Following the way, therefore, by which Noah Blogg had made his abrupt departure, we passed along the length of the pool and on through the wood, our path rising as it followed the course of the stream, until we emerged at last upon a sunlit upland. Of Noah Blogg there was no sign.

“Has your examination of the pool furthered your thoughts in any way?” I asked my companion as we sat on the springy turf, smoking our pipes after our humble lunch.

“Indeed. It has enabled me to see for myself the location of the event which is at the root of Captain Reid’s problems,” he returned, “and has provided further material for judicious speculation.”

“Perhaps so,” said I, “but I cannot see how anything you discover here can really make much difference to your client’s lamentable position. The girl in question is dead. Nothing you discover, as to the precise circumstances of her death, can alter that fact, nor alter the generally held opinion that Reid was the cause of her sorrow.”

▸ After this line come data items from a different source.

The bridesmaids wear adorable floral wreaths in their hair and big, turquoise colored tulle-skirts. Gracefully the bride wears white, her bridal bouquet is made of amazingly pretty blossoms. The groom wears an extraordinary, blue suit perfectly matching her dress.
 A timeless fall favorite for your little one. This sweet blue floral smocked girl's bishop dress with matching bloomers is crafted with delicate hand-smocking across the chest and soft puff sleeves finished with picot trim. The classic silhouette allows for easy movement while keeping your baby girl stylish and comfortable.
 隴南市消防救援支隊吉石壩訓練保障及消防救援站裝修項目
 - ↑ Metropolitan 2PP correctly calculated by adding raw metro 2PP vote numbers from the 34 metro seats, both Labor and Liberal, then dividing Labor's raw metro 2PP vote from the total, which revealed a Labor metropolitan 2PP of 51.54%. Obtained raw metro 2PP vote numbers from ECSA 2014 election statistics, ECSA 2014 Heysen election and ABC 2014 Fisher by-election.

“You enunciate one particular point of view very clearly, Watson,” returned Holmes, “but as it is a view that would foreclose most possibilities before they have been examined, it is not a view I favour. I have undertaken sufficient investigations to know that new facts can emerge from the unlikeliest of quarters. There is an unresolved question about the girl’s death: some in the district think it was an accident, others, despite the verdict of the coroner’s court, believe that it was suicide. I am confident of discovering the truth of the matter, to my own satisfaction at least. Once I have established in my own mind precisely what occurred here three years ago, I can then address the remainder of the problem. I am hopeful that when Mr Yarrow arrives he will be able to furnish us with a little more information. Ah, there he is now!”

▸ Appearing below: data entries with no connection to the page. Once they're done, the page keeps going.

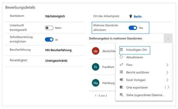 In Rollup Update 36 haben wir diverse Verbesserungen für das Recruiting Portal geschaffen, damit Sie Ihre Stellenangebote noch personalisierter auf Ihrer Webseite gestalten können. Diese Erweiterung ermöglicht es Ihnen, individuelle Anpassungen Ihrer Stellenanzeigen vorzunehmen. Nun können Sie für Ihre Zielgruppen unterschiedliche Stellenanzeigen-Designs anlegen und damit unterschiedliche Emotionen hervorrufen. Außerdem werden automatisch die Kontaktinformationen des Recruiters in den Stellenangeboten angezeigt, damit potentielle Bewerber den richtigen Ansprechpartner schnell finden. Sie sparen sich Zeit, da mithilfe weniger Klicks bei jeder Stellenanzeige einheitliche Kontaktinformationen ausgespielt werden können. Die Funktion, Arbeitsorte innerhalb der Stellenanzeige mitzugeben, gab es schon. Jetzt ist es aber möglich mehrere Arbeitsorte innerhalb einer Stellenanzeige anzulegen. Dies hat den Vorteil, dass Sie für mehrere Arbeitsorte nur eine Stellenanzeige erstellen und pflegen müssen und Sie den Kandidaten mehrere Optionen für den perspektivischen Arbeitsort einfach zur Verfügung stellen.
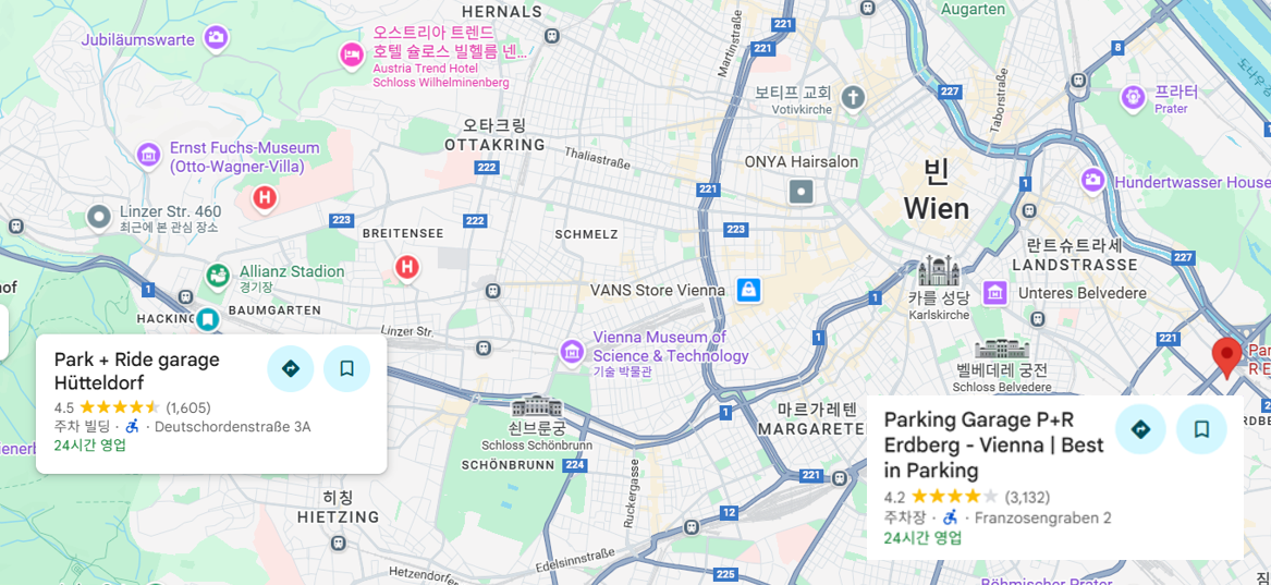 지하철 근처 공유주차장입니다." Park & Ride Erdberg", " Park & Ride Hütteldorf" 입니다.그나마 시내하고 가까운 곳이 Park & Ride Erdberg"이네요.빈 시내 관광 시 추천드리는 사항은 도심 외곽 주차 후 대중교통 이용하는게 효과적입니다.
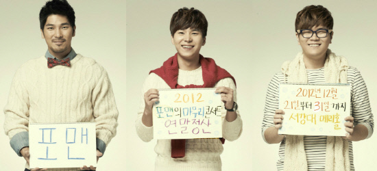 포맨은 21일부터 31일까지(26, 27일 제외) 9일간 서울 마포구 서강대학교 메리홀에서 '2012 마무리 콘서트 연말정산'을 진행한다.
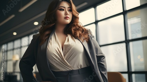 Plus size beautiful business woman model in a suit, in the office, window in the background
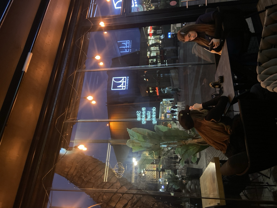 - "The image captures an indoor perspective from a cafe or restaurant looking out through large glass panels onto a city street at night" by FM-Z7t2i1, licensed under CC BY 4.0
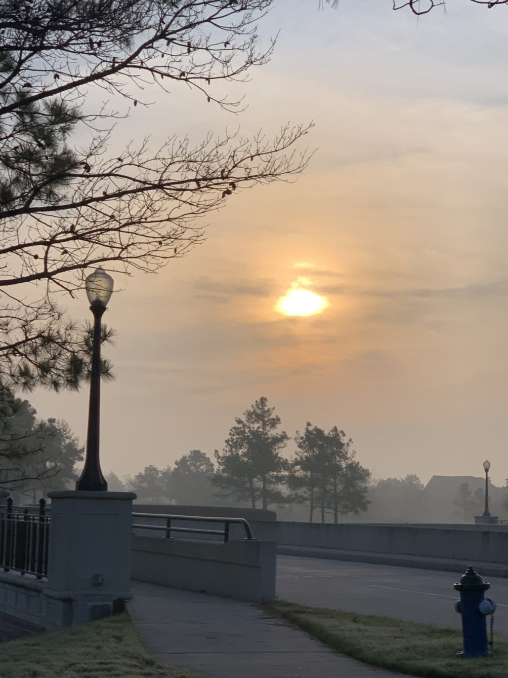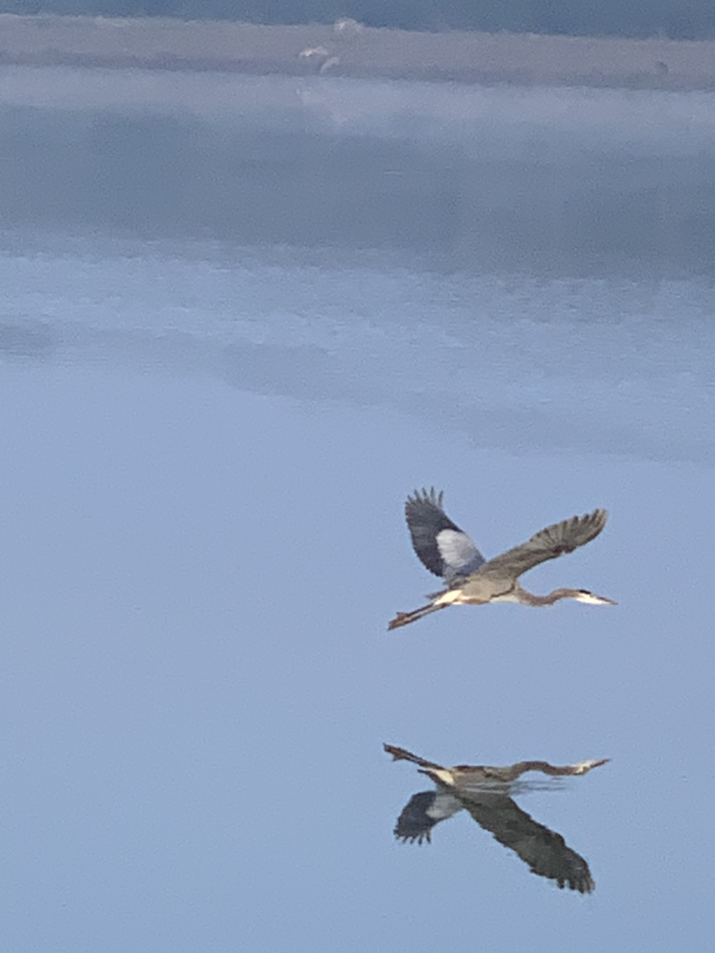 지난 해 오늘 아침엔 황금빛 태양이 젖은 나뭇 가지 사이에 걸려 있었고, 큰 물새의 비행을 포착하기도 했다.
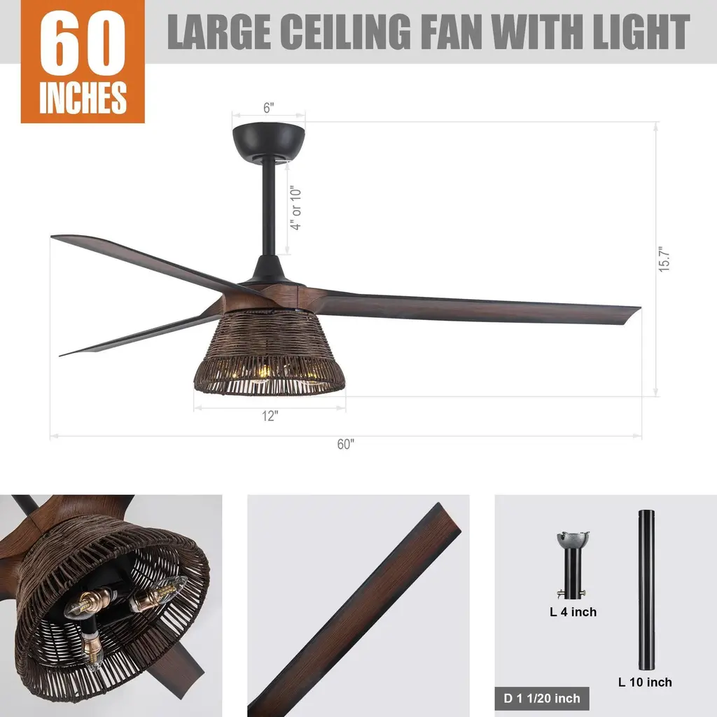 60" Farmhouse Ac Motor Downrod Mount Reversible Ceiling Fan With Lighting And Remote Control - Brown

I followed my companion’s gaze and saw that some distance off to our right, a dark-clad figure was making his way along the edge of a ploughed field towards Jenkin’s Clump. In a few minutes we had retraced our steps and were once more within the shaded spinney, by the margin of the pool. A moment later there came a man’s voice, calling to us from the path from Oakbrook Hall, and looking up the hill I saw a figure framed for a moment in the bright sunlit rectangle where the path through the wood met the open fields beyond. Holmes had been once more examining closely the ground at the edge of the pool, but he looked up as the vicar called to us, and there was a sudden stillness in his manner. I turned and saw that his face was rigid and tense, like a keen hound that has got the scent of game in his nostrils, and in his eyes was a steely glitter. What had wrought this abrupt change I could not imagine. In a moment his features had relaxed again, as the vicar joined us by the pool and we all shook hands. Mr Yarrow was a broad-faced, learned-looking man, with a shining bald head fringed with grizzled grey hair. He declared himself ready to answer any questions that we might have.

“I should be very obliged,” said Sherlock Holmes, “if you would repeat the main points of the account you gave me yesterday evening. Dr Watson would no doubt appreciate hearing the details from your lips, and I wish to ensure that I have not overlooked any fact of significance.”

“By all means,” responded the vicar in an agreeable tone. “Let me see now. First of all, you should know that Sarah Dickens lived with her parents and her brother, who was two years older than her, on the outskirts of the village. Her father farms there in a small way, on land rented from Admiral Blythe-Headley, the smallholding being known as ‘Hawthorn Farm’. It is probably true enough to say that Sarah came from typical rural stock, but I do not mean by this that she was in any way a simpleton. She had learned her lessons at the village school very well and was a great reader. She had something of a taste for poetry, and had herself composed many little poems, the best of which she wrote up neatly in an exercise book that she had bought for the purpose. She had showed me one or two of these poems on occasion, and I had encouraged her to write more. She also went into the school fairly often, at the request of Miss Mead, the teacher, to help the little ones learn their letters, and I know that Miss Mead found her a great help.